━━━━━ DATA ━━━━━
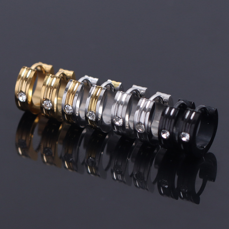 Cross-border hot-selling hipster hip-hop style diamond earrings trendy personality men's stainless steel earrings niche design jewelry
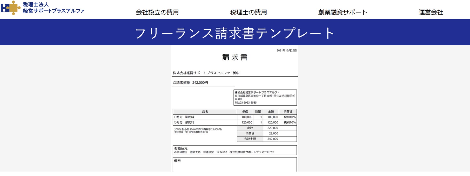 「フリーランス請求書テンプレート」:https://keiei-support-plus-a.com/seikyuu-pippa/free-lance-seikyuusho/
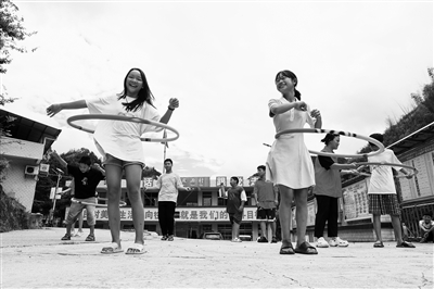 近日,湖南省永州市新田縣門樓下瑤族鄉青皮源村,大學生志愿者在和孩子們玩呼啦圈游戲。暑假以來,湖南農業大學學生志愿者參加該村組織的“暑期愛心課”義教活動,通過對孩子們進行學習輔導、課外閱讀、運動游戲、防溺水安全教育、農耕文化體驗等教育活動,豐富瑤鄉孩子們的假期生活,共同度過一個有意義的多彩暑假。
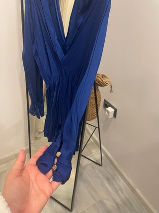 Mono de manga larga en un vibrante color azul eléctrico. El diseño presenta un escote pronunciado y detalles fruncidos en los puños con botones dorados. - Manga larga. - Escote en V. - Puños abotonados.
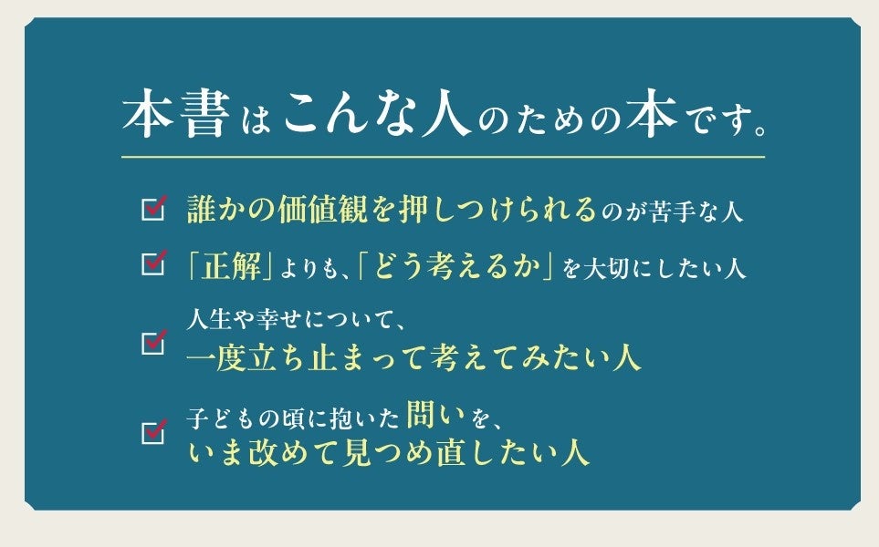 - 人生や幸せについて、一度立ち止まって考えてみたい人
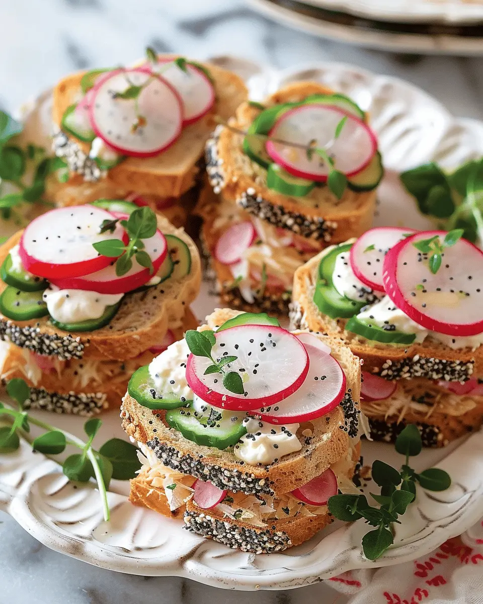 When planning your next gathering, radish poppyseed tea sandwiches are a delightful choice sure to impress your guests. These sandwiches not only taste fabulous but also boast vibrant colors that can brighten any table setting. Here are some serving suggestions to elevate your experience:
━━━━━
REQUIRED WORK:
The copy should start at the line that contains "近日,湖南省永州市新田縣門樓", end at the last line of the entries above, and match each line exactly, with pictures dropped.

TASK SOLUTION:
 近日,湖南省永州市新田縣門樓下瑤族鄉青皮源村,大學生志愿者在和孩子們玩呼啦圈游戲。暑假以來,湖南農業大學學生志愿者參加該村組織的“暑期愛心課”義教活動,通過對孩子們進行學習輔導、課外閱讀、運動游戲、防溺水安全教育、農耕文化體驗等教育活動,豐富瑤鄉孩子們的假期生活,共同度過一個有意義的多彩暑假。
 Mono de manga larga en un vibrante color azul eléctrico. El diseño presenta un escote pronunciado y detalles fruncidos en los puños con botones dorados. - Manga larga. - Escote en V. - Puños abotonados.
 - 人生や幸せについて、一度立ち止まって考えてみたい人
 When planning your next gathering, radish poppyseed tea sandwiches are a delightful choice sure to impress your guests. These sandwiches not only taste fabulous but also boast vibrant colors that can brighten any table setting. Here are some serving suggestions to elevate your experience:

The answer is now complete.